Why wouldn’t he know it? It’s a famous song by a well known composer.

And he’s certainly aware of Gilbert & Sullivan.

I doubt whether he listens to Victorian drawing-room songs. (Lyrics by Adelaide Proctor, not Gilbert.)

There are a couple of well known G&S patter songs, but all the more serious songs, sad songs, beautiful songs from the Savoy operas are far less known today.

I’d love to see that with proper error propagation.

Ask at the talk page for the explain xkcd entry, and somebody there might be willing to tackle that for you.

There’s a step-by-step table on the explainxkcd wiki.

It really depends on what you mean by “proper error propagation”.

I’ll have to work it out myself. :stuck_out_tongue:

I’m thinking of something like the variance of the initial 17 mph is (\pm 0.5 mph)^2. Then the variance of the next step, 8 m/s is (\pm 0.5 mph)^2 + (\pm 0.5 m/s)^2. And so on…

Eliding the math…

Value Error Length Unit Time Unit
17.0 0.5 mile / hour
8.0 0.5 meter / second
16.0 1.2 nautical mile / hour
5.0 0.6 fathom / second
3.0 0.6 furlong / minute
6.0 1.2 fathom / second
40.0 7.9 kilometer / hour
22.0 4.3 nautical mile / hour
41.0 8.0 kilometer / hour
204.0 39.8 furlong / hour
26.0 5.0 mile / hour
12.0 2.3 meter / second
4.0 0.8 furlong / minute
15.0 3.1 yard / second
8.0 1.7 fathom / second
15.0 3.1 meter / second
34.0 6.9 mile / hour
5.0 1.0 furlong / minute
33.0 6.8 nautical mile / hour
19.0 3.9 yard / second
10.0 2.0 fathom / second
36.0 7.1 nautical mile / hour
6.0 1.2 furlong / minute
45.0 9.0 mile / hour

Hmm, it seems the error is not normal. :wink:

I feel like I’ve already seen a very similar XKCD…

It felt familiar to me, too, but I couldn’t find one.
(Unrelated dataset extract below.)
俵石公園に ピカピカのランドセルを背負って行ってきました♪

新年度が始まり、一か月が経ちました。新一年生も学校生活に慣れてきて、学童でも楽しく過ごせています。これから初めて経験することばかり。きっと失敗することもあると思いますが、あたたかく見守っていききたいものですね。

He used to sell a T-shirt with all the different things that Greek letters could represent - maybe that’s what we’re thinking of? His store seems to be closed right now, though.
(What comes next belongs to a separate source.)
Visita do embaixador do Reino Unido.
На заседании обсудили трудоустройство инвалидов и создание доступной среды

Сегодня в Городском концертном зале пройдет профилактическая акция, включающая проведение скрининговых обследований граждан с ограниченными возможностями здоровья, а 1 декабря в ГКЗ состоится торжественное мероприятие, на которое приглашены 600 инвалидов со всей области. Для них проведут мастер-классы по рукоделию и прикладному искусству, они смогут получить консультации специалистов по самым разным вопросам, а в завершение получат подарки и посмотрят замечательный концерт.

This one, right? Only last year:

Yup, that’s the one I was thinking of.

I once graded for a class, where one student liked to use Cyrillic letters for his auxiliary variables. OK, fine, you can use whatever you want for auxiliary variables, and it made it unlikely that he’d accidentally collide with any letters already in the problem… except that he liked to use both Ш and Щ, and it took me a while to realize those were two different letters.

Oh, and…

Really, they look nothing alike. ш and т, on the other hand…
(soon you wind up with http://i.imgur.com/DdSNkI3.jpg )

Some of us would create our own symbols. :evil:

I am totally down for a Sporcle geography tournament. I’m very good at “Countries of the World”. My personal best is 195 out of 197.